El director de lidia, Javier Segovia, logró algunos buenos momentos ante un novillo al que vaya que le dieron castigo, sangró a chorros. Toreó con doblones como inicio de faena. Por el izquierdo fue violento el de Castorena y no lo vio claro Segovia, por lo que estructuró una faena derechista, con ciertos altibajos. El trasteo se prolongó sabiendo que sólo había una carta, en un esfuerzo que ya fue poco valorado, pues tampoco tenía calado en los tendidos. Con media estocada puso fin a su actuación.

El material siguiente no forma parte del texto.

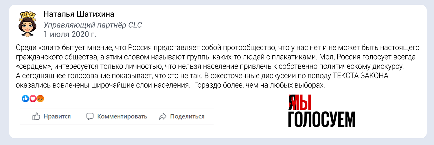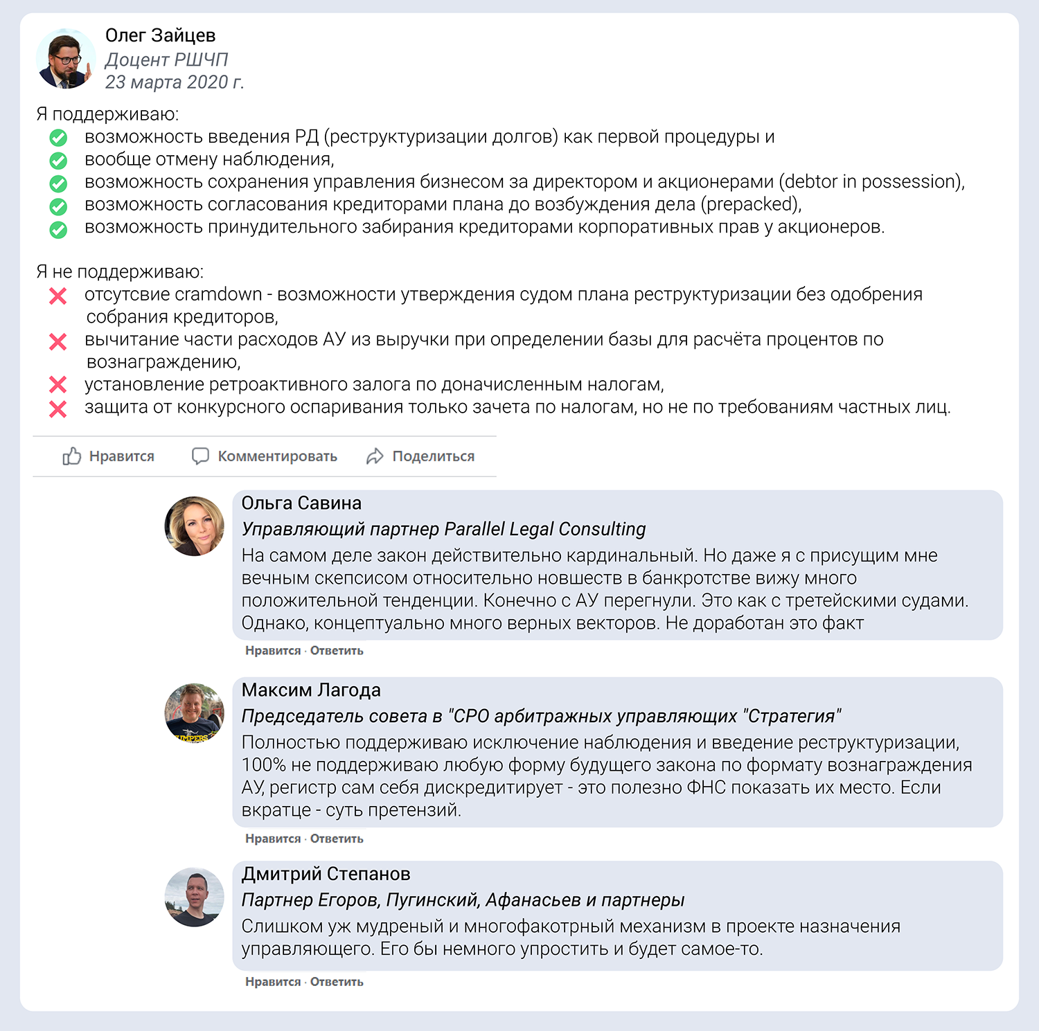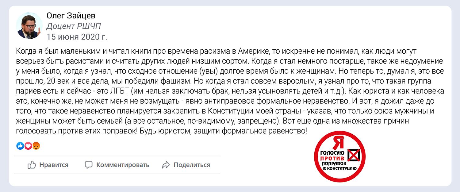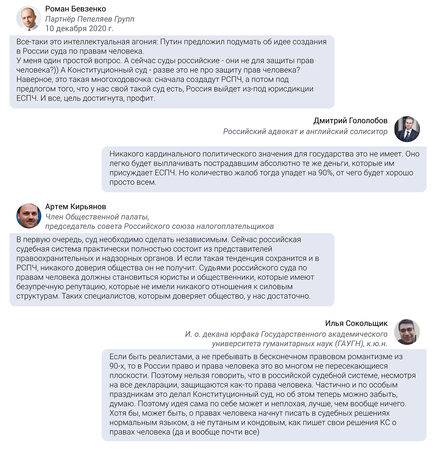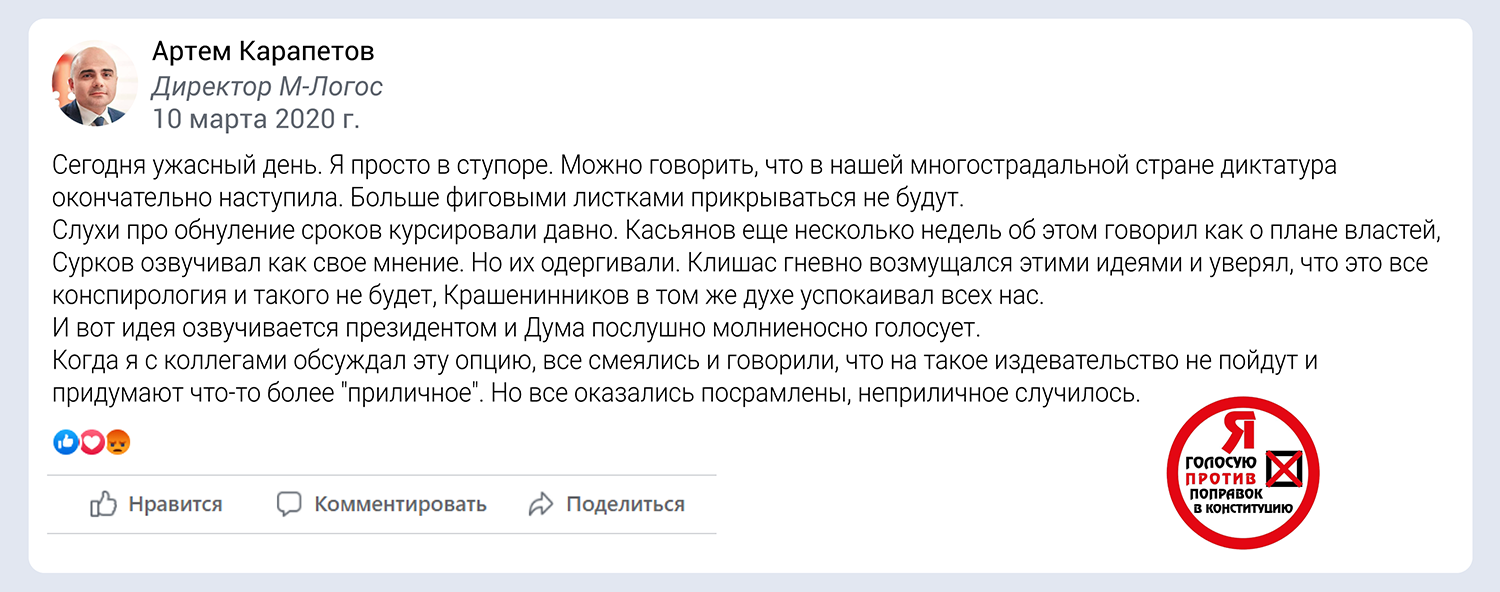 В соцсетях юристы высказываются более прямолинейно, чем в официальных комментариях для прессы. Самый большой резонанс вызвали поправки к Конституции. Одни называли их «дикостью» и «бессодержательными социальными плюшками», другие в ответ выставляли аватарки «За поправки». Но юристов интересует все: спорили о коронавирусных мерах господдержки, можно ли судьям ссылаться на научную доктрину в судебных решениях и нужно ли лишить статуса ефремовских адвокатов. Почитали Facebook и заскринили самые яркие моменты. Чтобы увидеть все дискуссии под постами целиком, кликайте на картинки в тексте.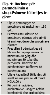 Për parandalimin e shqetësimeve të tretjes, masa të veçanta, si p.sh. vetëm rritja e përmbajtjes së fibrave të papërpunuara në ushqimin për rritjen e gicave ose ushqyerja me sasi të kontrolluara, nuk janë shumë efektive. Problemet me diare tek gicat në ferma lindin gjithmonë nga bashkëveprimi i disa faktorëve shkaktarë. Prandaj, është e nevojshme që për problemet e diares të merren masa të shumëfishta të kombinuara, si në aspektin e përgatitjes së racioneve ushqimore, ashtu edhe në teknikat e ushqyerjes (Fig. 4).

Kevin Loyo saludó con dos largas cambiadas de rodillas, ya de pie vino el toreo a la verónica y chicuelinas, una Diana sonó desde las alturas para el vibrante saludo capotero. Brindó su faena al público y, para ponerle un poco de sazón, comenzó con una tanda de rodillas por el pitón derecho. Después continuó con la misma tónica, pero el novillo se quedaba corto y buscaba al torero, en esas espiadas el novillero optaba por soltar la muleta y quitarse. Tampoco se confió del todo por el izquierdo, el novillo aprendió rápido y sabía lo que dejaba atrás.
Para el cierre de su faena intentó manoletinas, pero en la primera el novillo se lo llevó en el viaje, el torero ya no quiso saber nada, por lo que ejecutó la suerte suprema, colocando un pinchazo y después una estocada caída.
Alberto Mercado se arrodilló pegado a tablas, cerca de la puerta de cuadrillas, la intención era dar una larga, pero el capote no se abrió a tiempo y el novillo estuvo a nada de llevárselo por delante. Luego se incorporó para tratar de meter en el capote a "Viejo Güero", que estaba algo distraído. Los primeros muletazos de tanteo fueron para sacar al astado hacia los tercios. El novillo se quedaba corto y no desaprovechó la oportunidad para prender al novillero, afortunadamente el ejemplar de Castorena hizo el viaje hacia la muleta. Una faena esforzada, sin llegar a cobrar fuerza con el público.
Juan del Castillo ejecutó el toreo a la verónica ante otro dije de Castorena; destacó la brega por parte de Cristhian Sánchez para la colocación con el varilarguero. Cuando se disponía a comenzar su faena, el novillo remató con fuerza en el burladero de aguante y cayó, ese golpe pudo haber mermado el juego que dio.
Durante la primera tanda el novillo arrolló al joven esteta, dejándolo fuera de combate por un instante. Volvió a la cara del toro a probar suerte con naturales, bajándole la mano y sometiendo la embestida, la música llegó una vez más de manera inoportuna. Ya no lo vio claro por el derecho, así que optó por el toreo al natural, sin andar confiado, pasando miedo.
Esta novillada servirá como reflexión para los propios toreros en relación con su futuro en la fiesta. Algunos de ellos tendrán mucho por meditar y hacer una introspección a conciencia.